The output is fully static and can be served from any HTTP host. The build embeds the git short hash + build date as compile-time constants (visible as a chip in the header that links to the corresponding GitHub commit).

### Deployment

The repository ships with `.github/workflows/deploy.yml` — pushing to `main` automatically builds the bundle and deploys it to GitHub Pages.

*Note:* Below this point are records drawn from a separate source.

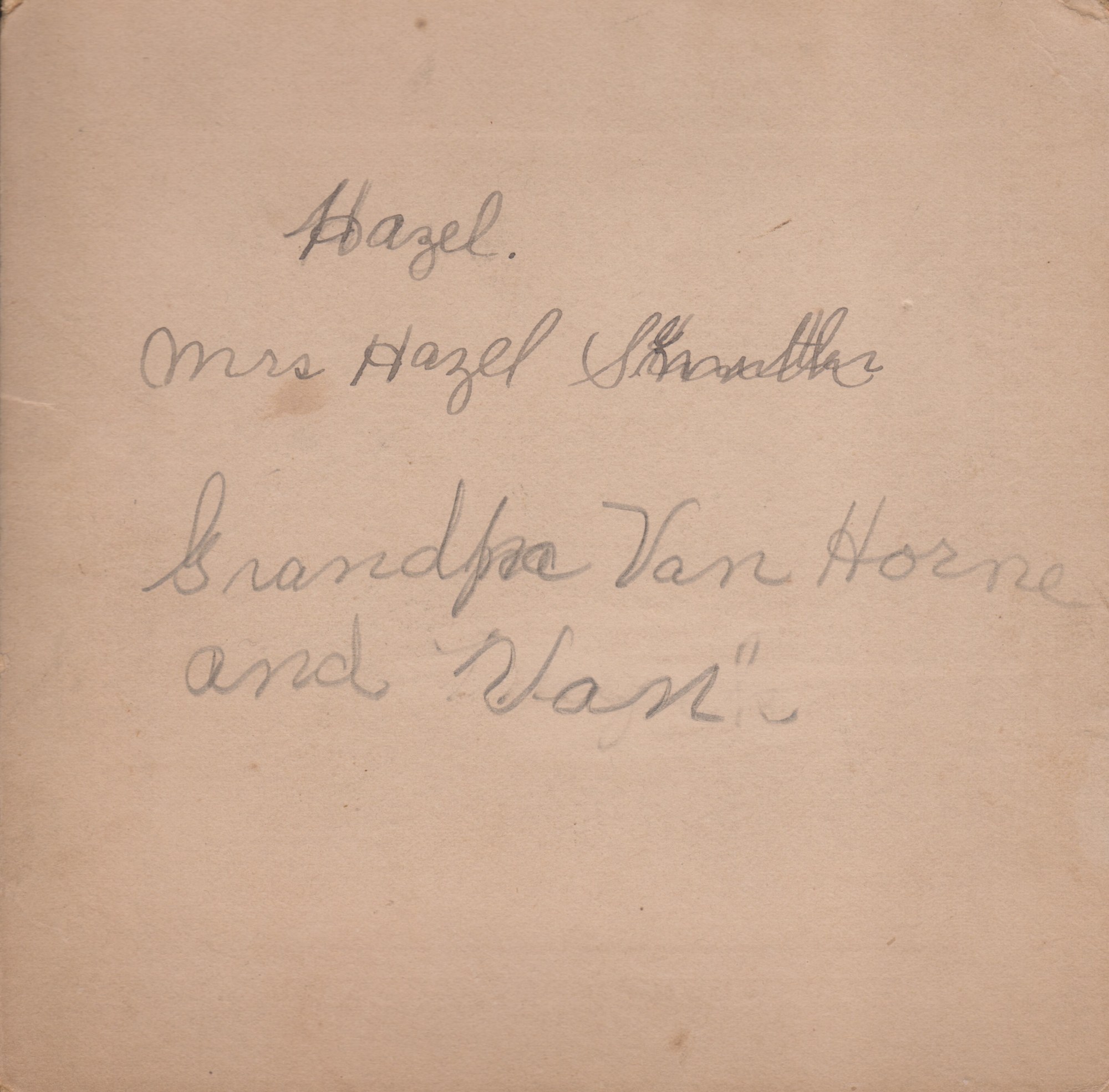 - Signature: Verso: 'Hazel / Mrs. Hazel Smith / Grandpa Van Horne / and Van'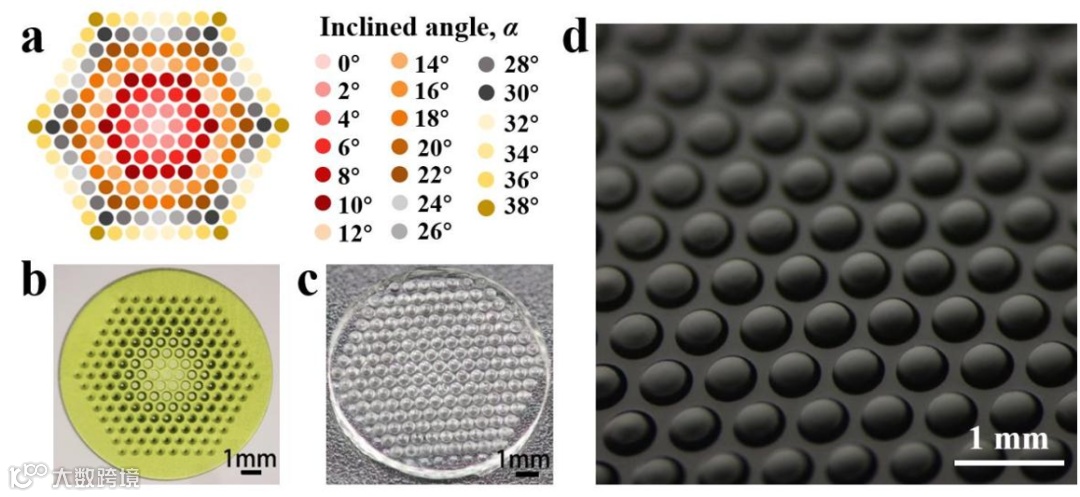 图二 (a) 多焦距微透镜阵列设计,(b) 3D打印的微孔阵列,(c) 复刻的多焦距微透镜阵列,(d) 多焦距微透镜阵列局部显微图。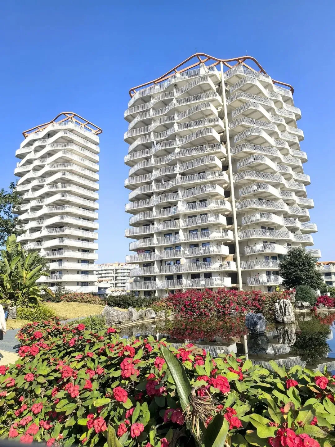 谷中还有不少白色建筑群,原为热销的商业楼盘,如今大多改建成了特色民宿,一百多元便能包吃包住住上一天,为前来康养休闲的游人,提供了别样的选择。在北纬26°的阳光秘境里,邂逅山海辽阔,遇见异域风情,才知世间美好,大抵不过这般模样。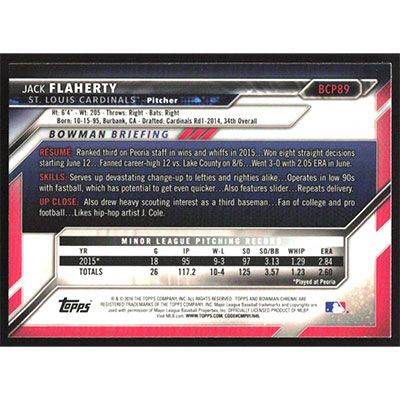This is a 2016 Bowman Chrome Prospects Jack Flaherty baseball card. The card is #BCP89 and pictures show condition.
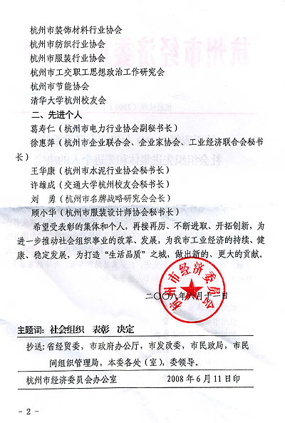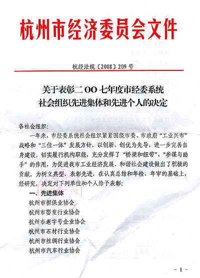 喜讯:杭州市担保业协会被评为07年度市经委系统社会组织先进集体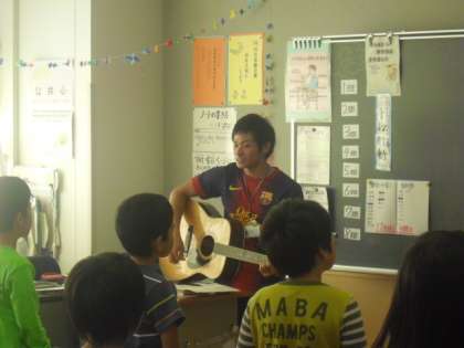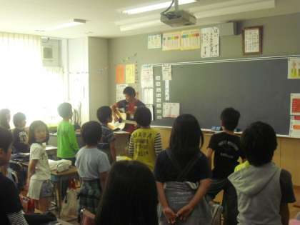 3年3組の音楽です。担任の先生はギターで伴奏。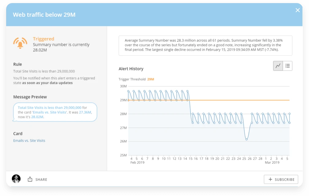 KPIが変化したときにアラートを受け取ることができます。KPIが特定のしきい値を上回るか下回ったときに通知を送る独自のカスタムアラートを作成しておくと、コンピューターやスマートフォンに通知が送られます。アラートルールをカスタマイズして、通知の頻度、アラートメッセージの内容、通知の送信先を指定できます。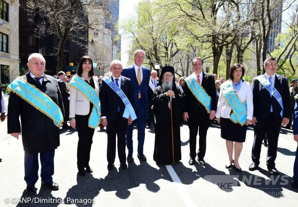 Почетные гранд-маршалы греческого парада в центре Нью-Йорка. 22 апреля 2018 года

The Vite `base` is set to `/CroCoDeEL_interpreter/` to match the public URL.

## Tech stack

- React 18 + Vite
- Tailwind CSS (with CSS variables for the dark theme)
- D3 for color interpolation and the network force-layout
- `react-range` for dual-thumb sliders
- `lucide-react` icons
- IndexedDB for the full session, with a one-shot migration from the legacy `lz-string`-compressed `localStorage` payload

## Citing

If the interface contributes to a publication, please cite CroCoDeEL itself:

> Goulet L. et al., *CroCoDeEL: accurate control-free detection of cross-sample contamination in metagenomic data*, Nature Communications 2026. [doi.org/10.1038/s41467-026-72637-9](https://doi.org/10.1038/s41467-026-72637-9)

See [`CITATION.cff`](https://github.com/metagenopolis/CroCoDeEL/blob/main/CITATION.cff) in CroCoDeEL repository for the full author list and a machine-readable record.

## License

GNU General Public License v3.0 — see [`COPYING`](./COPYING).